While that may be a positive driver heading into 2018, there are also signs for concern. As the Institute’s executive director Shachi Kurl said, “While these approval numbers should give him some reason for comfort, he’s also going to be judged, inevitably, through the more traditional metrics of political success.”
In four Federal by-elections to the House of Commons since Singh assumed charge of the NDP, support for the party has collapsed. “There’s no question the NDP were the losers; they decreased their vote share in every single election. Which shows really there has been no upsurge in support for him,” Christopher Cochrane, associate professor of political science at the University of Toronto Scarborough, argued. “The Liberals won the 2015 (Federal) elections with soft left-of-centre voters choosing the Trudeau Liberals over the NDP. Can Jagmeet Singh woo back those voters? That’s what he needs to do in order to survive and grow the party,” Kurl said.
That hasn’t happened yet, but it’s still very early in his tenure as Singh himself commented to the media in Ottawa this month: “This is something that’s not going to happen overnight.”
The first challenge for Singh heading into 2018 could be to find a way into the House of Commons rather than holding press availabilities outside, as he has been wont to do.
He is not an MP, and was a member of the Ontario legislature when elected to lead the NDP.
He faces the problem that his party holds no seats in the area he dominates, Brampton, a suburb of Toronto.
But he may require a resignation from a plausible riding elsewhere to make his presence felt in Parliament
Cochrane said, “He’s taken the Justin Trudeau strategy of staying away from Parliament and going out and, as he put it, connecting with voters. The problem for him for a strategic point of view is he doesn’t have the family name Trudeau has, he doesn’t have the same level of media interest, he doesn’t get any of that free publicity.
“So, if he’s not in Parliament, if he’s not on Question Period, if he’s not constantly on the Hill grilling his opponents, if he doesn’t get the images of standing up and interrogating Justin Trudeau in the House of Commons, he’s simply not going to get nearly enough attention to generate a national profile.”
Kurl agreed, “He’s not easily accessible to the daily opportunity of national media exposure.”
That apart, he will need to rebuild a party that was “battered, bruised and chastened”, as Kurl put it, after the 2015 elections, after heady success in 2011, emerging then as the principal Opposition in the House of Commons.
“The party will have to figure out a way to present itself to progressive Canadians as a reasonable alternative to the Liberals,” Cochrane said.
That’s a task in itself since Trudeau leads the most left-of-centre Liberal government in a generation, occupying the space traditionally taken by the NDP.

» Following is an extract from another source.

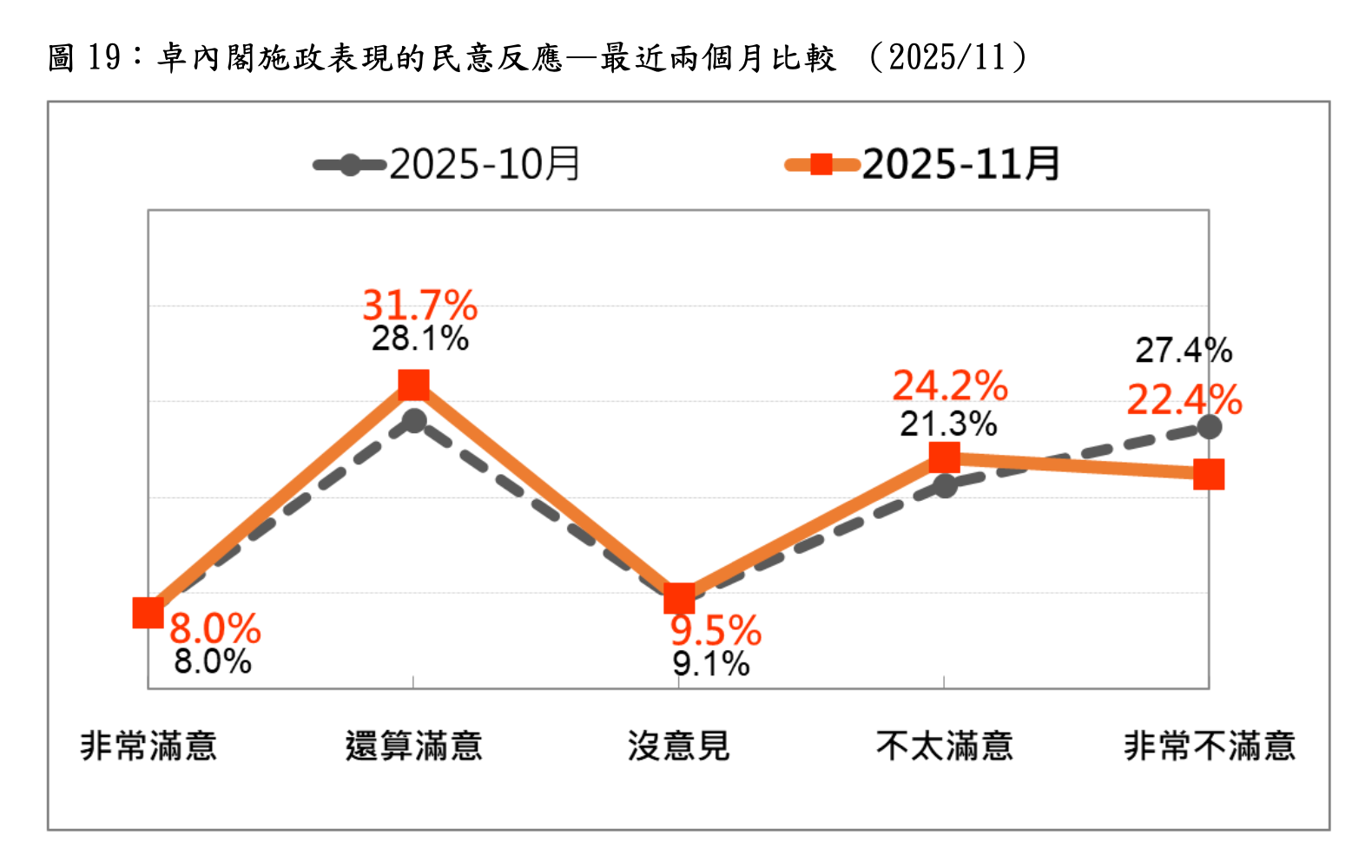 圖19:卓內閣施政表現的民意反應—最近兩個月比較 (2025/11)。台灣民意基金會提供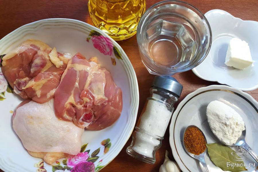 1. Для приготовления блюда, нам понадобятся такие продукты: куриные бедра, чеснок, соль, вода, приправа для курицы, сливочное и растительное масло для жарки, лавровый лист и пшеничная мука.

As Kurl pointed out: “He still faces a very very strong brand in Justin Trudeau.”
While his election as the first visible minority to lead a Federal party in Canada was celebrated in Canada and across the world, just being an observant turban-wearing Sikh could prove a drawback in a province like Quebec, which propelled the NDP in 2011.
As Cochrane said, “It will be incredibly difficult for Jagmeet Singh to maintain the NDP’s gains in Quebec and for that party, Quebec seems to be the path of power.”
Quebec has what is charitably described as a “secularist commitment” or a dislike for overt display of religiosity, a major strike against Singh. “He’s up against it doubly because of the way he looks and the religion he adheres to,” Cochrane felt.
While Singh faced headwinds early as he refused to condemn the display of photographs of the mastermind of the Air India bombing in gurdwaras in Canada as a “martyr”, that issue may not impact him in the overall context, as Kurl pointed out. “I don’t know how much of an issue this is for Mr Singh’s younger followers or so Canadians writ large.”
Other matters will dominate. Kurl said, “The task of building a party back up from a morale standpoint, from a financial standpoint and from an operational standpoint will be the challenge and task set for Mr Singh next year.”
Taking that task on is very much on Singh’s agenda certainly, as he told the media in Ottawa this month: “I know it’s going to take a lot of hard work, and I’m not in any way discouraged; I’m just encouraged to work even harder, and I’ll continue to do that.”